Breast cancer is the most common malignancy among women. It remains a major cause of mortality among women, although the five-year survival of breast cancer patients is about 90%. To aid in the clinical treatment decisions, clinical factors and biomarkers are utilized to predict the behaviour and prognosis of breast cancer. Traditionally such prognostic factors have been the size and stage of the tumour, hormone receptor expression, the amplification status of Her2 oncogene and the proliferation activity of the tumour cells.

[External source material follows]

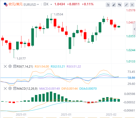欧元/美元的第一个上行障碍出现在2月19日的高点1.0461附近。需要关注的关键阻力位是1.0500-1.0505区域,代表心理水平和布林带的上边界。决定性地突破该水平将反弹至1.0533,即1月27日的高点。

The purpose of this study is to investigate regulatory proteins of the metaphase-anaphase transition of the cell division and evaluate their potential value in predicting the prognosis of breast carcinoma patients. The study is based on 1135 breast cancer patients with a maximum follow-up time of 22 years. The tissue material was collected into tissue microarrays and the protein expressions were analysed with immunohistochemical and immunofluorescence methods.

Securin, PTTG1IP, separase and SA2 are proteins involved in the regulation of the cell cycle. In this study, the immunohistochemical expression of these proteins in breast cancer tissue was examined. The changes in the expression profile were then used to estimate their prognostic value. Securin overexpression alone predicted a 2.4-fold risk of breast cancer death (p>0.001). Combined with the other studied cell-cycle proteins, this risk was emphasized. A model combining securin, separase and axillary lymph node status increased the risk of breast cancer death 6.2-fold (p 0.0006, CI 3.2-82.6). In addition, cytoplasmic securin expression was associated with triple negative subtype of breast cancer.

Based on this study securin-related cell cycle proteins are promising new candidates as biomarkers for breast cancer prognosis.